# Session 3 - User Relevance Feedback

## 1 Document Relevance

In this sesion we are going to implement a pseudo user relevance feedback on top of ElasticSearch

One possibility that we have not used from the query results of ElasticSeach is the score computed as the relevance of the document respect to the terms of a query.

You have the script `SearchIndexWeights.py` that allows searching for keywords in an index just like we do in any seach engine (like Google search or Bing).

This script returns a limited number of hits and also shows the score of the documents (the documents are sorted by its score)

**Read the first section** of the session documentation and play a little bit with the documents that you have in the `news` index.

In [1]:
from elasticsearch import Elasticsearch
from elasticsearch_dsl import Search
from elasticsearch_dsl.query import Q


client = Elasticsearch()
s = Search(using=client, index='news')


q = Q('query_string',query='toronto')  # Feel free to change the word

s = s.query(q)
response = s[0:3].execute()
for r in response:  # only returns a specific number of results
    print('ID= %s SCORE=%s' % (r.meta.id,  r.meta.score))
    print('PATH= %s' % r.path)
    print('TEXT: %s' % r.text[:50])
    print('-----------------------------------------------------------------')

ID= udUOwXwBa2h4IIRS8nQo SCORE=7.8208394
PATH= /tmp/20_newsgroups/rec.sport.hockey/0010493
TEXT: Detroit is a very disciplined team.  There's a lot
-----------------------------------------------------------------
ID= ntUOwXwBa2h4IIRS83ou SCORE=7.634695
PATH= /tmp/20_newsgroups/rec.sport.baseball/0009082
TEXT: In article <C51vwC.Lru@usenet.ucs.indiana.edu> bod
-----------------------------------------------------------------
ID= a9UOwXwBa2h4IIRS8naL SCORE=7.510704
PATH= /tmp/20_newsgroups/rec.sport.hockey/0010488
TEXT: Detroit's going to beat Toronto in 6 or LESS!!!
 G
-----------------------------------------------------------------




***

## 2 Rocchio's Rule


For implementing the relevance we are going to use the Rocchio's rule. We are going to extend the query for a number of interations using the terms in the more relevant documents that are retrieved.
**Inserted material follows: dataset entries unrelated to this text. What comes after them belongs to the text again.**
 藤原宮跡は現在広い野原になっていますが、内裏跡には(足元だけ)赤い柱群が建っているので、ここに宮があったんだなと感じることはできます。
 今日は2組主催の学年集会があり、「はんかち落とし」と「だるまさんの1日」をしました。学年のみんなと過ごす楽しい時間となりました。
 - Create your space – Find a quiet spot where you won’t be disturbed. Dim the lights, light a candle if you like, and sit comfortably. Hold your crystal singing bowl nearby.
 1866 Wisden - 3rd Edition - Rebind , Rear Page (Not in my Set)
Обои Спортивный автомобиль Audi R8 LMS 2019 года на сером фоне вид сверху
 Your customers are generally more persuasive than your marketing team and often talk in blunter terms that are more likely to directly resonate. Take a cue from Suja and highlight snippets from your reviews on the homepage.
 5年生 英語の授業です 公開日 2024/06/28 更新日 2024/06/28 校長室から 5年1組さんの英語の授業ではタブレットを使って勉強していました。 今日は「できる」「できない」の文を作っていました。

As is described in the session documentation you will need to write a scripts that given a query, repeats a number ($nrounds$) of times:

1. Obtain the $k$ more relevant documents
2. Compute a new query using the current query and the terms of the $k$ documents

The Rocchio's rule involves computing the folowing:

$$Query' = 	\alpha \times Query + \beta \times \frac{d_1 + d_2 + \cdots + d_k}{k}$$

So we have different parameters to play with:

1. The number of rounds ($nrounds$)
2. The number of relevand documents ($k$)
3. The parameters of the Rocchio's rule ($\alpha$ and $\beta$)
4. The numbeer of terms in the recomputed query ($R$)

**Read the documentation** and pay attention specially to how you have to build the query that you pass to ElasticSearch to include thw weights computed by the Rocchio's rule.
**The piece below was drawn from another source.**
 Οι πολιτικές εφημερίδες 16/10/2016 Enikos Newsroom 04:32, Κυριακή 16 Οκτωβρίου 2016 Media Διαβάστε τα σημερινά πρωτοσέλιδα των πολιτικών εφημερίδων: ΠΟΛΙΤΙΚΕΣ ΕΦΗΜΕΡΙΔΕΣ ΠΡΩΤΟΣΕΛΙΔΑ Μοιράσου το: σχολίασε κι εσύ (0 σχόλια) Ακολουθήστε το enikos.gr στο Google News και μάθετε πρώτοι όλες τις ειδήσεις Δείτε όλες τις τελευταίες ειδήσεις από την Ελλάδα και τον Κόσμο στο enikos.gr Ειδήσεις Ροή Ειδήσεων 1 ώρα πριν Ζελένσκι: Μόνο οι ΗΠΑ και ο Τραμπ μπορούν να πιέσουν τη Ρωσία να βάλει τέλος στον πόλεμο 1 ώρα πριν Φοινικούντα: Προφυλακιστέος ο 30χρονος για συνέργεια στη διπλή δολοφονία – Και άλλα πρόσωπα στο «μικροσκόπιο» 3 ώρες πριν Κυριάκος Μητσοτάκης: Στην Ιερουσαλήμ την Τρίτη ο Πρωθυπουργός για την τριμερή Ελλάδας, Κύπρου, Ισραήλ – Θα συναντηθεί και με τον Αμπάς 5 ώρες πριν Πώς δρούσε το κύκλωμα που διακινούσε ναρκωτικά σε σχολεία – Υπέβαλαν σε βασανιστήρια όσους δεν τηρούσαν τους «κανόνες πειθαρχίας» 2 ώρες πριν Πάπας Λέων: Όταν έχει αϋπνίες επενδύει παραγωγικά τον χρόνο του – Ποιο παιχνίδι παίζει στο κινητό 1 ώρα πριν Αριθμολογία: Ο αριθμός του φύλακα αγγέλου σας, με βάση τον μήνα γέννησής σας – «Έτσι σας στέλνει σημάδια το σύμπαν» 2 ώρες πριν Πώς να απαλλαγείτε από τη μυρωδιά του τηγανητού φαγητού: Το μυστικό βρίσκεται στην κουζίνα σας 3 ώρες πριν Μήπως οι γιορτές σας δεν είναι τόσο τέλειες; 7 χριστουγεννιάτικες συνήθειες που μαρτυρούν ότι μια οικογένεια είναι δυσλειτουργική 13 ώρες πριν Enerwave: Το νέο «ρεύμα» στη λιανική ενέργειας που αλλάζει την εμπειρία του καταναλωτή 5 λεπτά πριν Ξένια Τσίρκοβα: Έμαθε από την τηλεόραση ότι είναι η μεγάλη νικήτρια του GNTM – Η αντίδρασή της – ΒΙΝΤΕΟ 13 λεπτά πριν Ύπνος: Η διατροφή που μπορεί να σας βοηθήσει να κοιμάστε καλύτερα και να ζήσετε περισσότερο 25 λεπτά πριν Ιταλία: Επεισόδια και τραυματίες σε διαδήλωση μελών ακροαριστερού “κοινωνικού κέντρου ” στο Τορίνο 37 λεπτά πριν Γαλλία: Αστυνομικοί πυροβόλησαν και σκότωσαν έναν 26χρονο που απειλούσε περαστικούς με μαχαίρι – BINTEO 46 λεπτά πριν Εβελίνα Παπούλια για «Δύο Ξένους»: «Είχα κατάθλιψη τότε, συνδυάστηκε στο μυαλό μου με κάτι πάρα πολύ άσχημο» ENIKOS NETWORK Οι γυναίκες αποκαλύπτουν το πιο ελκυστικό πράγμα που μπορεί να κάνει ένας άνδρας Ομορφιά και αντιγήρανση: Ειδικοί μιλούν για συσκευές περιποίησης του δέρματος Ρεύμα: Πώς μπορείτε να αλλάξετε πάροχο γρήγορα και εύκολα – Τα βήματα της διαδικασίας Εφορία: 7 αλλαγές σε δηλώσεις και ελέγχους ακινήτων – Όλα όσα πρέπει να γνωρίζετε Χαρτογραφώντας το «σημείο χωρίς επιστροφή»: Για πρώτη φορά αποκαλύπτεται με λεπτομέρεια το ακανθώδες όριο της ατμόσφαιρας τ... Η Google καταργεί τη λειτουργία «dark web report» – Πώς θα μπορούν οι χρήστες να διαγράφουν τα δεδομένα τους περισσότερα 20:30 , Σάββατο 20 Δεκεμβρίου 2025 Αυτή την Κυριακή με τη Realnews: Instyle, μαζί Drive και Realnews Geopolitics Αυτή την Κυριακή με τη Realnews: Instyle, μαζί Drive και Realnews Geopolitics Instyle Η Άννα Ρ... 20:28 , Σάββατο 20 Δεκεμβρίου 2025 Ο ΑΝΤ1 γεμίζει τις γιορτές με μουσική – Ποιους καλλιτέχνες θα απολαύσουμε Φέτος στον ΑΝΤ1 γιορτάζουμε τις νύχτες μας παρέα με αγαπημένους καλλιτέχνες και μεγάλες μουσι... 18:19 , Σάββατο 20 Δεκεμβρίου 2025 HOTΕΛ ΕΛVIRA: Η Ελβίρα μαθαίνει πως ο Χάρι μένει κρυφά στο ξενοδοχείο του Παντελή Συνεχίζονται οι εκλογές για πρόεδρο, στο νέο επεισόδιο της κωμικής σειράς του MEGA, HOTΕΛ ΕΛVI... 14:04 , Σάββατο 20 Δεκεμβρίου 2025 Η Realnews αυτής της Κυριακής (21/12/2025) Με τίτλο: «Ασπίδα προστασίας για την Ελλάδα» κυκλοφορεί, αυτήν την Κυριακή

Think that some of the elements that you need for this part are functions that you programmed already as part of the past session assignment.

**Pay attention** to the documentation that you have to deliver for this session.



In [7]:
D = dict([("a",1),("b",1),("c",1),("d",1)])
key = "a"
if key in D:
    D[key]= D[key]+2
print(D)

{'a': 3, 'b': 1, 'c': 1, 'd': 1}


In [23]:
alpha = 1.0
beta = 1.0

def rocchioNewQuery(query,merged_d):

    for q in query:
        query[q] *= alpha

    for d in merged_d:
        merged_d[d] *=beta

    for q in query:
        if q in merged_d:
            merged_d[q] = merged_d[q] + query[q]
        else:
            merged_d[q]=query[q]

    r = list(zip(merged_d.keys(), merged_d.values()))
    return sorted(r, key=lambda x: x[1],reverse=True)[:3]

D = dict([("a",1),("b",1),("c",1),("d",1)])
Q = dict([("a",1),("z",3)])
print(rocchioNewQuery(Q,D))

[('z', 3.0), ('a', 2.0), ('b', 1.0)]